DX Journal: How do you know when to modify your approach or give up when dealing with transformation in a large organization?
Hopkins: I didn’t do a great job of it at the beginning. I pushed an entrepreneurial agenda at an entrepreneurial pace, and very quickly ran headlong into blockers. I had to adapt and use an experimentation model. I tried different levels of throttle until I got to a point where the organization was willing to accept it. I learned to read the frustration on peoples’ faces saying “okay, no more, Dean. I can’t take any more of this” and built relationships with people where they were able to tell me that.
I was able to adapt and adjust my own style to better reflect the environment. Then over 12 years, I gradually increased the tolerance for risk-taking and for change within the organization. I would work with specific people to help them increase their ability to drive change. What was first gear early on, became second and third gear closer to the end of my tenure. Ultimately, the organization became much more comfortable with making change at a higher rate.

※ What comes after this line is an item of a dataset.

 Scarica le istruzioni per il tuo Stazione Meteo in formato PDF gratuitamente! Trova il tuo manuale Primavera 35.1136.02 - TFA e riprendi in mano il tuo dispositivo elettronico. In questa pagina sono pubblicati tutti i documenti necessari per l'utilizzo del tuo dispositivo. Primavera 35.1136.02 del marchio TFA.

DX Journal: What’s a scale lesson you learned the hard way?
Hopkins: I learned to hire slowly and fire quickly based on fit. One rotten apple really can spoil the bunch. As part of this, I learned to listen very closely to my people. The people on my team knew about someone that didn’t fit long before I did. By listening, and taking quick action, I saw the immediate positive impact on culture.
Finally, I learned the value of getting out of the way. By fully trusting people, providing them good direction and support when needed, it activates them to reach their full potential. All of these were learned through many failed attempts, and I have the scar tissue to prove it.

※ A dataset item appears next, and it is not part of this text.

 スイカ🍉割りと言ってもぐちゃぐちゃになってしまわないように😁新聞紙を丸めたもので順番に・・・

DX Journal: What signals do you use to know you’re on the right path when you start to scale something and you’re trying to measure if it’s working?

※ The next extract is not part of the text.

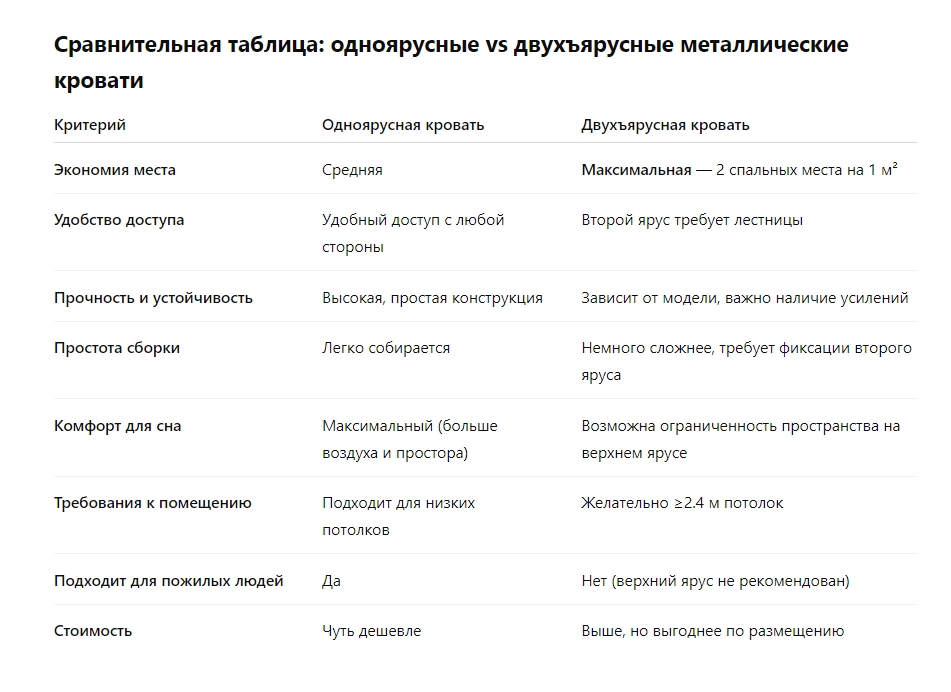 Выбор между одноярусной и двухъярусной металлической кроватью - это не только про комфорт, но и про грамотную организацию пространства. Чем чётче вы понимаете, для кого и зачем обустраивается помещение, тем проще принять верное решение.
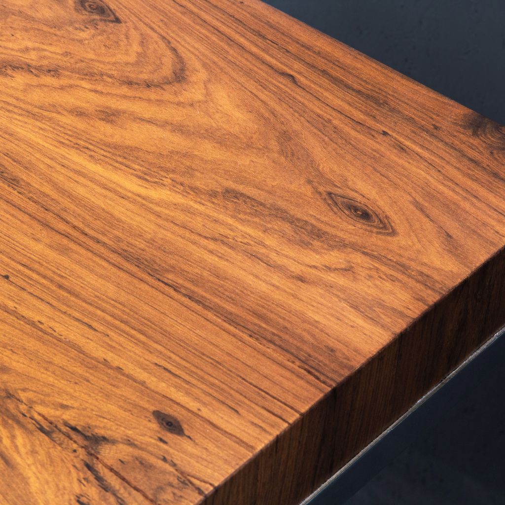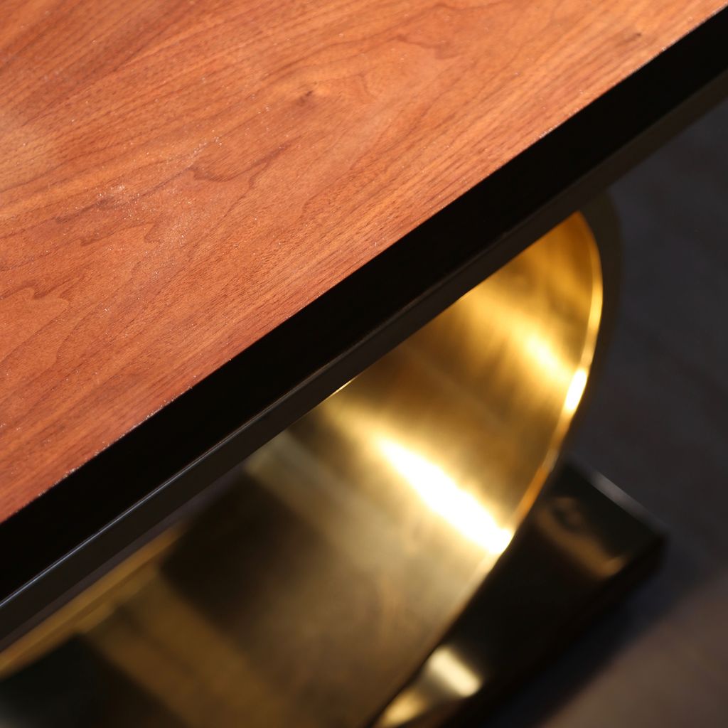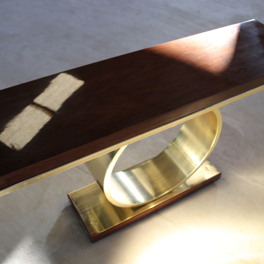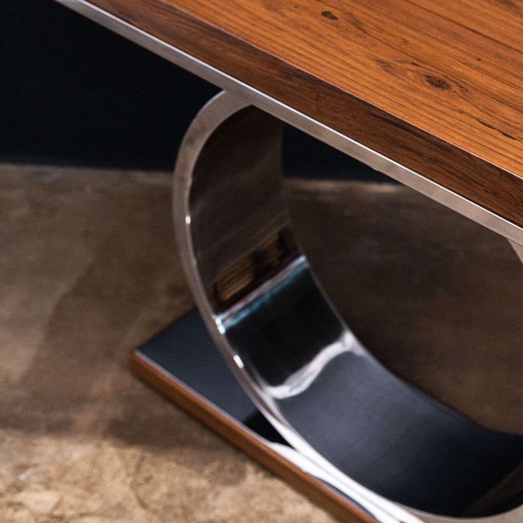 The Donte Console table features a ring-shaped metal base, shown here in polished steel, supporting a wood-top, available in any species.

Hopkins: One of the reasons we were able to survive at Cyberplex — both the growth and the decline — is that we had very good leading indicators of the business. We had invested heavily to try and understand what our funnel looked like, what our planned capacity was, and we had the metrics dialed in. Every month and every quarter, we constantly refined our ratios so we had a really good sense of what was coming. When things started falling off the cliff, we trusted our instruments and started acting accordingly.